The Liberal Democratic Party, which led Japan for most of the post-World War II era until it was dumped in 2009, won 294 seats in the 480-seat lower house of parliament in Sunday’s nationwide elections, the party said.
With the elections over, a vote among the members of parliament to install the new prime minister is expected on Dec. 26. Mr. Abe, who was prime minister for a year in 2006-2007, is almost certain of winning that vote because the LDP now holds the majority in the lower house.
Mr. Abe, who would be Japan’s seventh prime minister in 6½ years, will likely push for increased public works spending and lobby for stronger moves by the central bank to break Japan out of its deflationary trap.
Stock prices soared Monday to their highest level since April, reflecting hopes in the business world that the LDP will be more effective in its economic policies than the outgoing Democrats were.
“Our mission is to overcome these crises,” he said.
He said his party’s victory was less a vote of confidence from voters and more a repudiation of the “mistaken leadership” of the Democrats.
“The public will be scrutinizing us,” Mr. Abe said.
Chinese bloggers, meanwhile, reacted with scorn to the LDP’s victory, with many concentrating their fire on Mr. Abe, a China hawk. Chinese microblog sites Monday were full of anti-Abe comments, with some calling for a boycott of Japanese goods.
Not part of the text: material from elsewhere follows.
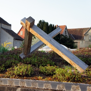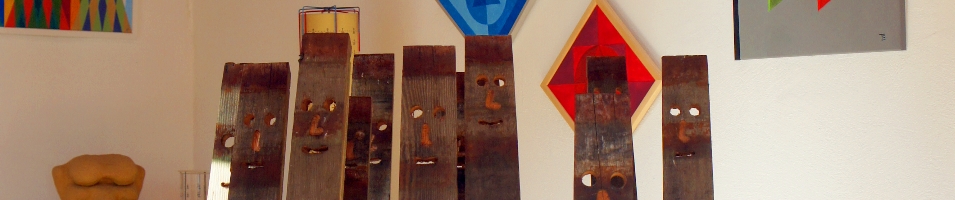 "Empfangskomitee" – Als aktiver Mensch versuche ich Einflüsse und Strömungen in mein Handeln einzubeziehen. In der Öffentlichkeit wurde und wird intensiv über die Willkommenskultur in Deutschland debattiert. Dieser Willkommensgedanke und die Partnerschaft mit Garons haben mich inspiriert, die schon länger als „Begrüßer" eingesetzten Faßdauben in einem Objekt zu vereinen, um als „Empfangskomitee" die Offenheit und Freundlichkeit von Flörsheim-Dalsheim zu symbolisieren. Die drei Fassdauben haben sich zu einer Dreiergruppe zusammengefunden und stehen seit dem 25. März 2015 auf der Grünfläche gegenüber des Bahnhofs als das „Empfangskomitee" bereit, um mit ihren am oberen Ende eingefrässten, lachenden Gesichtern stellvertretend für die Flörsheim-Dalsheimer, unsere Partnergemeinde Garons und alle vorbeikommenden Besucher mit heiterer Offenheit zu grüßen.

The countries are embroiled in a territorial dispute over a cluster of uninhabited islands in the East China Sea controlled by Japan but also claimed by China and Taiwan. During the two-week campaign leading up to the election, Mr. Abe took a rather tough line toward China, promising to defend Japan’s “territory and beautiful ocean.”
“As with many cases, issues arise with countries that share borders, and what is important is how each nation keeps these issues under control. I feel we need wisdom so that the political issues or problems do not extend to economic problems,” he said.
“Although we are not in a situation where I can immediately visit China or have bilateral talks, first and foremost, we will persistently continue with our dialogue with China and hope to improve relations between the two countries,” he said.
Outgoing Prime Minister Yoshihiko Noda announced his resignation as party chief late Sunday, calling the election results “severe” and acknowledging that his party failed to live up to the nation’s high expectations.
His Democratic Party of Japan said it won only 57 seats. Among its casualties were eight Cabinet ministers — the most to lose in an election since World War II.
Although the election was the first since the March 11, 2011, earthquake, tsunami and nuclear disasters, atomic energy — which the LDP conditionally supports — ended up being a side issue, though polls showed that about 80 percent of Japanese want to phase it out completely.
The LDP will stick with its longtime partner, New Komeito, backed by a large Buddhist organization, to form a coalition government, party officials said. Together, they now control 325 seats, securing a two-thirds majority that would make it easier for the government to pass legislation.
A dizzying array of more than 12 parties, including several news ones, contested in the election, some with vague policy goals.
The most significant new force is the right-leaning, populist Japan Restoration Party, which won 54 seats.
The party is led by the bombastic nationalist former Tokyo Gov. Shintaro Ishihara and Osaka Mayor Toru Hashimoto — polarizing figures with forceful leadership styles. Mr. Ishihara is another hawk on China, having stirred up the latest dispute with Beijing by proposing Tokyo buy the islands from their private Japanese owners and develop them.
The anti-nuclear Tomorrow Party — formed just three weeks ago — captured only nine seats. Party head Yukiko Kada said she was very disappointed to see the LDP, the original promoter of Japan’s nuclear energy policy, make such a big comeback.